To my great relief, the employee entrance had a corridor that led directly to the laundry room. Smooth talker though I may be, nobody would sell weapons to a man without pants. My keycard didn't work on the doors at first, but eight lines of code later it started working again. I outfitted the little pile of flying junk with the few bits of hardware I'd been involved in the development of, stripped the verification package, and set out to make some friends in low places.
I already knew of Rochester, the Junker settlement in the debris fields near Manhattan, and listening to police chatter gave me the rough location of Buffalo, the Liberty Rogue fortress in the Badlands. The Junkers are a more welcoming bunch, but I needed to slip into the good graces of the Rogues to ever have a hope of becoming a Lane Hacker. The enemy of my enemy is my friend, and so I began hunting Xenos and cops; the Xenos wouldn't be missed by anyone, and my opinion of cops is slightly worse than an aerospace engineer's opinion of space dust. Even in the Starflea (Cyrano's Nose, I had christened it) I easily outflew the buffoons. Countless hours playing dogfight-sim video games translate into the real cockpit, it seems. Killing cops tends to draw the attentions of the Bounty Hunters' Guild, but their so-called pilots are cowardly profitteers incapable of holding their own against even a single Cardamine-enhanced opponent.
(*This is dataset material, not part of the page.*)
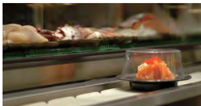
conveyor belt sushi
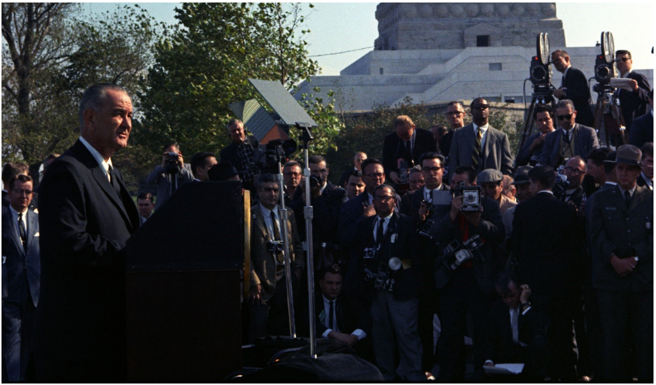
President Lyndon B. Johnson visits the Statue of Liberty to sign the Immigration and Nationality Act of 1965.

The act also set an annual limit on immigrants from Mexico and other Latin American nations. This limitation reinforced the perception that most Mexican immigrants were unskilled workers with little to offer besides cheap labor. Migrant workers continued to receive low wages and remained vulnerable to exploitation by commercial farmers.

Once word of my exploits reached the Rogues, I navigated the Badlands (unpleasant) and exchanged my faithful little pile of slag for a sleek, fine-tuned, certified preowned (read: used) Dagger (read: flying phallus). I set course for Magellan to find that naturally, at the very moment when I was ready to depart, police activity is higher than ever because of some report of a terrorist gunship wreaking havoc. Interestngly enough, the competence of a herd of swine is inversely proportional to the number of swine in said herd. Despite my taunting every vessel I passed, only a lone piglet decided to scan my hold, and upon seeing the Cardamine he fired a cruise disruptor and missed. I didn't even need to come up with a snarky one-liner - missing with a guided missile speaks for itself.
Upon arrival in the Magellan system, I followed Outcast and later Hacker patrols until I located Mactan Base. None on the base had yet heard of me, so I joined up with the Hacker Paco.Pistols and flew several search-and-destroy missions with him, later completing some on my own and with the recently inducted Trainee LH~Sundancer. For the most part, we fought Bounty Hunters, although I did take out an LSF wing as well. Very little of interest happened while I ran these missions, excepting an embarrasing incident involving autopilot and binary asteroids which took place in full view of Mactan. In spite of that humiliation, I successfully acquired a Lane Hacker IFF and ID. Evidently, the only step which remains is final approval of this application.
Before I conclude this missive, I must say I've never in my life had as much difficulty or fun hacking as I have trying to get into these secure channels. And were I religious, spiritual, or superstitious in the slightest I would pray to every demiurge I could think to conjure that the Lane Hackers control some location wih a better bar than the one on Mactan.